I've ran a (short) omping, here are the results:
Code:
192.168.1.2 :   unicast, xmt/rcv/%loss = 35/35/0%, min/avg/max/std-dev = 0.068/0.151/0.236/0.037
192.168.1.2 : multicast, xmt/rcv/%loss = 35/35/0%, min/avg/max/std-dev = 0.074/0.207/0.319/0.058
192.168.1.3 :   unicast, xmt/rcv/%loss = 35/35/0%, min/avg/max/std-dev = 0.100/0.128/0.228/0.034
192.168.1.3 : multicast, xmt/rcv/%loss = 35/35/0%, min/avg/max/std-dev = 0.108/0.188/0.282/0.046

I can fully ping and resolve the hostnames:
Code:
root@pmx1-lim:~# ping 192.168.1.2
PING 192.168.1.2 (192.168.1.2) 56(84) bytes of data.
64 bytes from 192.168.1.2: icmp_seq=1 ttl=64 time=0.068 ms
64 bytes from 192.168.1.2: icmp_seq=2 ttl=64 time=0.067 ms
64 bytes from 192.168.1.2: icmp_seq=3 ttl=64 time=0.071 ms
root@pmx1-lim:~# ping pmx2-lim
PING pmx2-lim (192.168.1.2) 56(84) bytes of data.
64 bytes from pmx2-lim (192.168.1.2): icmp_seq=1 ttl=64 time=0.087 ms
64 bytes from pmx2-lim (192.168.1.2): icmp_seq=2 ttl=64 time=0.080 ms
64 bytes from pmx2-lim (192.168.1.2): icmp_seq=3 ttl=64 time=0.112 ms
64 bytes from pmx2-lim (192.168.1.2): icmp_seq=4 ttl=64 time=0.112 ms

Here's the corosyinc config:
Code:
logging {
  debug: off
  to_syslog: yes
}

nodelist {
  node {
    name: pmx1-lim
    nodeid: 1
    quorum_votes: 1
    ring0_addr: 192.168.1.1
  }
  node {
    name: pmx2-lim
    nodeid: 2
    quorum_votes: 1
    ring0_addr: 192.168.1.2
  }
  node {
    name: pmx3-lim
    nodeid: 3
    quorum_votes: 1
    ring0_addr: 192.168.1.3
  }
}

quorum {
  provider: corosync_votequorum
}

totem {
  cluster_name: proxmox
  config_version: 3
  interface {
    bindnetaddr: 192.168.1.1
    ringnumber: 0
  }
  ip_version: ipv4
  secauth: on
  version: 2
}

Here's /etc/hosts:
Code:
# Do not remove the following line, or various programs
# that require network functionality will fail.
127.0.0.1       .localdomain
PUBLIC-IP    pmx1-3114549
192.168.1.1 pmx1-lim
192.168.1.2 pmx2-lim
192.168.1.3 pmx3-lim

# The following lines are desirable for IPv6 capable hosts
#(added automatically by netbase upgrade)
::1     ip6-localhost ip6-loopback
feo0::0 ip6-localnet
ff00::0 ip6-mcastprefix
ff02::1 ip6-allnodes
ff02::2 ip6-allrouters
ff02::3 ip6-allhosts

I've upgraded one of the nodes to latest and rebooted but still no luck (worse, it's now "waiting for quorum").

Any hints?
 
Last edited:
Have you tried to restart the corosync service? `systemctl restart corosync`
What's the output of `pvecm status`?
Also have a look in the syslog.

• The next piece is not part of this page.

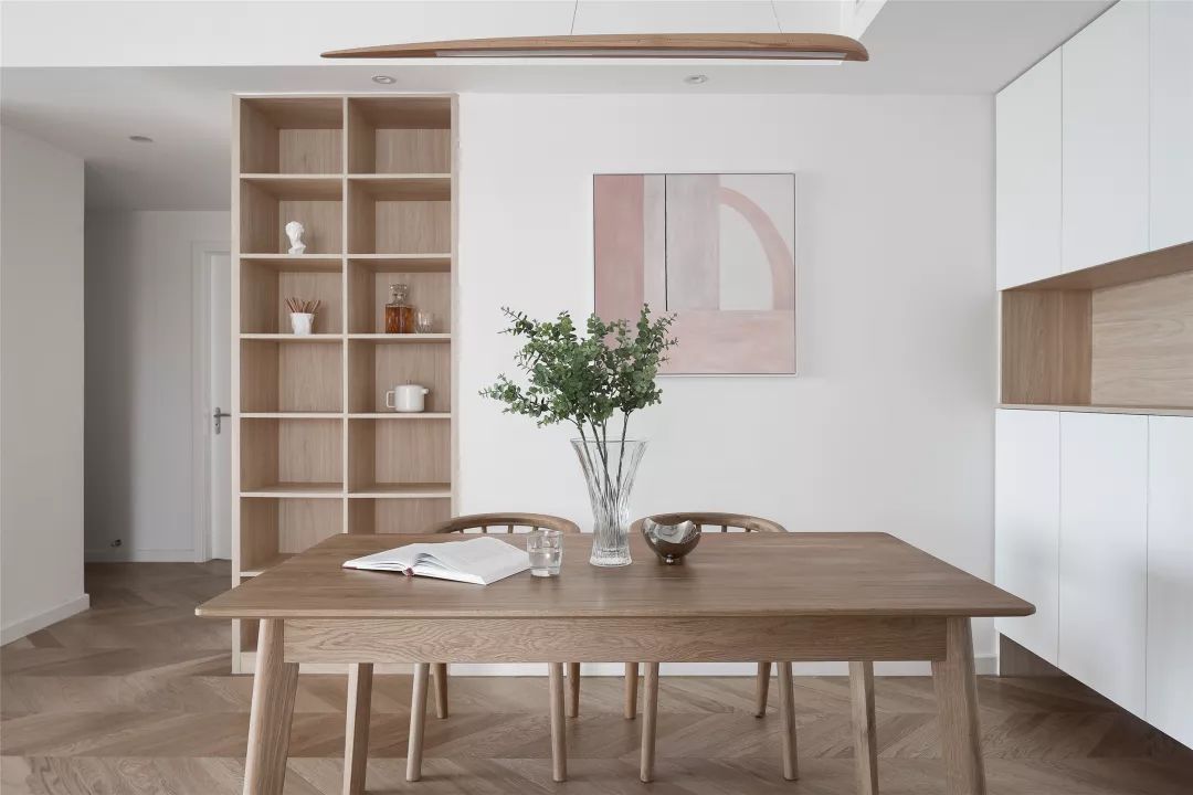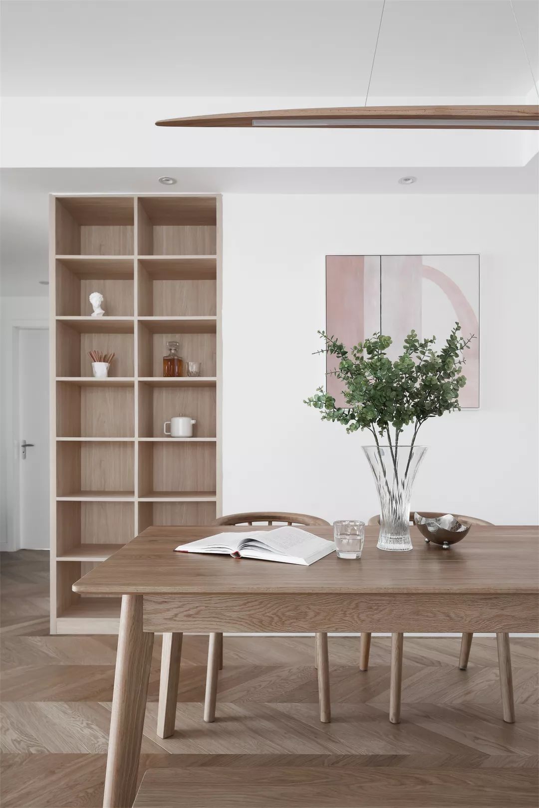 ▲餐厅背景墙侧边墙面打掉与双向柜体定制,餐边这侧做成展示格架柜,旁边墙面挂一幅粉色调的装饰画,让空间显得温馨而优雅。

Any suspicious errors?
 
Have you tried to restart the corosync service? `systemctl restart corosync`
What's the output of `pvecm status`?
Also have a look in the syslog. Any suspicious errors?
Since yesterday's reply things have deteriorated. I can access the UI only on one node, the rest are posting "refused to connect".

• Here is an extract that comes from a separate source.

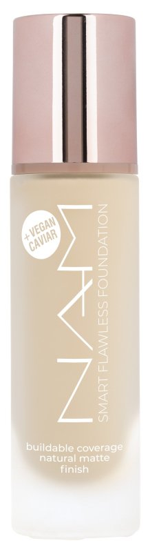 Podkład do twarzy. Jest w 100% wegański. Doskonale sprawdzi się do cery każdego rodzaju, również wrażliwej, mieszanej czy problematycznej. Posiada przyjemnie lekką konsystencję, która pozwala skórze oddychać, a także doskonale stapia się z cerą, bez obaw o jej obciążenie oraz wysuszenie. Pozwala budować od lekkiego, poprzez średnie, aż po mocne maskowanie niedoskonałości. Sprawia, że koloryt jest wyrównany, zaś wszelkie mankamenty skóry są niewidoczne. Jednocześnie kosmetyk perfekcyjnie wygładza (bluruje drobne zmarszczki) skórę, a także pozostawia na jej powierzchni kuszące naturalne, matowe wykończenie. Unikalny kompleks Anti-Blue Light sprawia, że podkład skutecznie chroni skórę przed szkodliwym działaniem światła niebieskiego. NAM podkład Smart Flawless Foundation zamknięty jest w solidnej szklanej butelce o pojemności 30 ml.

`pvecm status` is stating:
Code:
root@pmx1-lim:~# pvecm status
Quorum information
------------------
Date:             Wed May  1 10:58:02 2019
Quorum provider:  corosync_votequorum
Nodes:            1
Node ID:          0x00000001
Ring ID:          1/45680
Quorate:          No

Votequorum information
----------------------
Expected votes:   3
Highest expected: 3
Total votes:      1
Quorum:           2 Activity blocked
Flags:           

Membership information
----------------------
    Nodeid      Votes Name
0x00000001          1 192.168.1.1 (local)

Code:
root@pmx2-lim:~# pvecm status
Cannot initialize CMAP service

Code:
root@pmx3-lim:~# pvecm status
Cannot initialize CMAP service

At this point I think that the best bet would be to totally dismantle the cluster and reboot. I'm afraid to reboot the cluster prior to dismantling it, because VMs will not start without a functional quorum.

Any advices?
 
Quorum: 2 Activity blocked
You have lost quorum, therefore you cannot make any changes. You can actively set the number of votes to 1 for the moment in order to solve the issue by running `pvecm expect 1`.
But you will have to figure out why you have lost quorum. Check the output of `journalctl -b -u corosync` for further hints.